What our predecessors did not do, however, was to distinguish between the types of assistance—between the person who irresponsibly and maliciously encourages a suicidal person, and the loving spouse who fulfils a dying partner’s request for help to die. This is the question we are addressing today: should both actions be treated equally under the law?

The problem was, in part, recognised by the 1961 Act, which gave the DPP discretion, so that even when sufficient evidence existed, prosecution would not automatically occur. That recognises the delicate balance that needs to be struck in respect of motive, compassion, coercion and circumstance.

I congratulate the hon. Gentleman on addressing these issues so clearly and in such a measured way. Does he acknowledge that some of us support people in situations like that of Diane Pretty, my former constituent, who died 10 years ago? She went to the highest courts possible—the House of Lords and the European Court of Human Rights—to seek the right to assisted suicide and was refused, but there was massive public support for her at that time. Does the hon. Gentleman agree that that public support should be taken into account in our deliberations?

The hon. Gentleman is absolutely right: there is huge public support, and I shall talk about that shortly.

Turning to the policy itself, records show that more than 180 Britons have travelled to Switzerland to die in the last 10 years. No one has been prosecuted for accompanying them or assisting them with their arrangements, even when there has been sufficient evidence to prosecute. However, before the 2010 policy document, precisely what criteria were used was never published—until Debbie Purdy asked for clarity.

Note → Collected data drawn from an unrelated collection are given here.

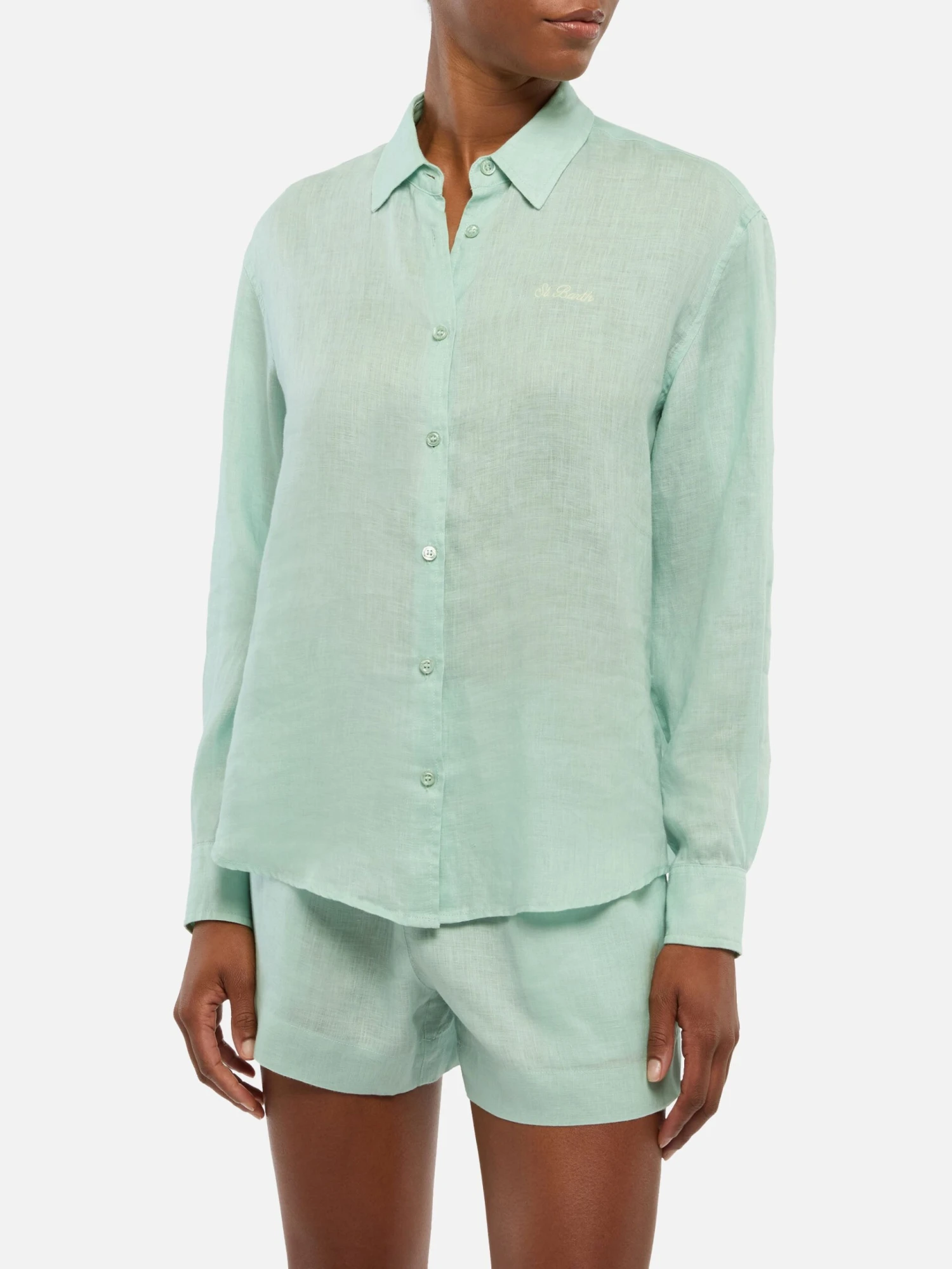 MC2 Saint Barth Meredith Linen Classic Shirt With Saint Barth Embroidery
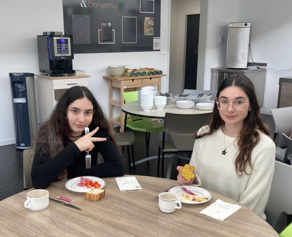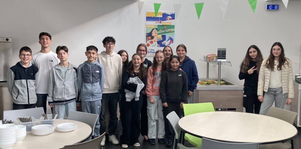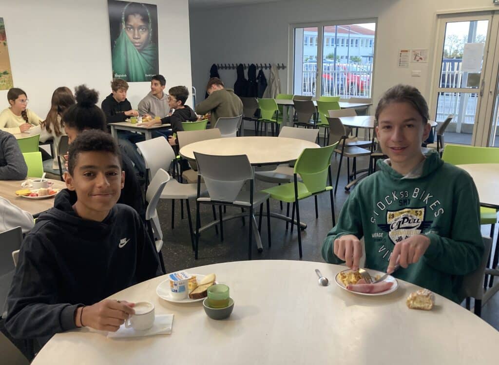 Cette semaine, les élèves germanistes de 3A et E ont pu déguster, dans la salle de restauration du personnel, un petit-déjeuner, tel qu’on le conçoit dans un pays germanophone, avec du jambon, du fromage, des œufs, des crudités, des fruits frais, des produits laitiers, des jus de fruits, des boissons chaudes, sans oublier des petits pains spéciaux (maïs, seigle, céréales, fruits secs).
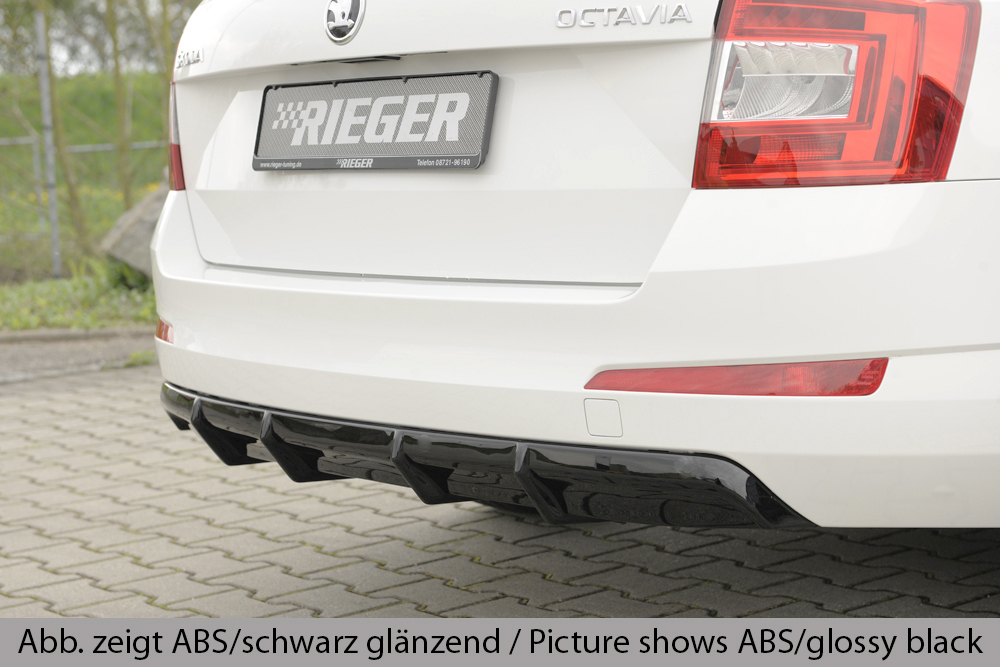 Der Rieger Heckeinsatz aus robustem ABS-Material bietet eine sportliche und elegante Aufwertung des Hecks Ihres Fahrzeugs. Entwickelt für eine perfekte Passform, ist dieser Heckansatz speziell passend für Skoda Octavia (5E) Limousine ab 02/2013 bis 01/2017. Die einzigartige Linienführung betont das Design des Fahrzeugs und sorgt für eine dynamische Optik. Wählen Sie zwischen den attraktiven Varianten Carbon Look, Glanz Schwarz und Matt Schwarz, um das Erscheinungsbild individuell an Ihren Geschmack anzupassen.

Debbie Purdy has primary progressive multiple sclerosis. In 2009, she took her case to the Judicial Committee of the House of Lords. She wanted to know whether her husband would be prosecuted if he accompanied her to Dignitas in Switzerland. In their judgment, the Law Lords instructed the DPP to make clear the factors he took into account when reaching a decision on whether or not to prosecute. Lord Brown’s judgment made it perfectly clear what was required. He said that we need a custom-built policy,

“designed to distinguish between those situations in which, however tempted to assist, the prospective aider and abettor should refrain from doing so, and those situations in which he or she may fairly hope to be...forgiven, rather than condemned, for giving assistance.”

The DPP did just that, with a clarity and precision that is to be welcomed.

In February 2010, following extensive consultation, the DPP published the guidance. I have sent a copy to every Member of this House. The policy recognises the reality of prosecuting practice in cases of assisted suicide: that in certain circumstances, compassionately motivated assisters will not be prosecuted.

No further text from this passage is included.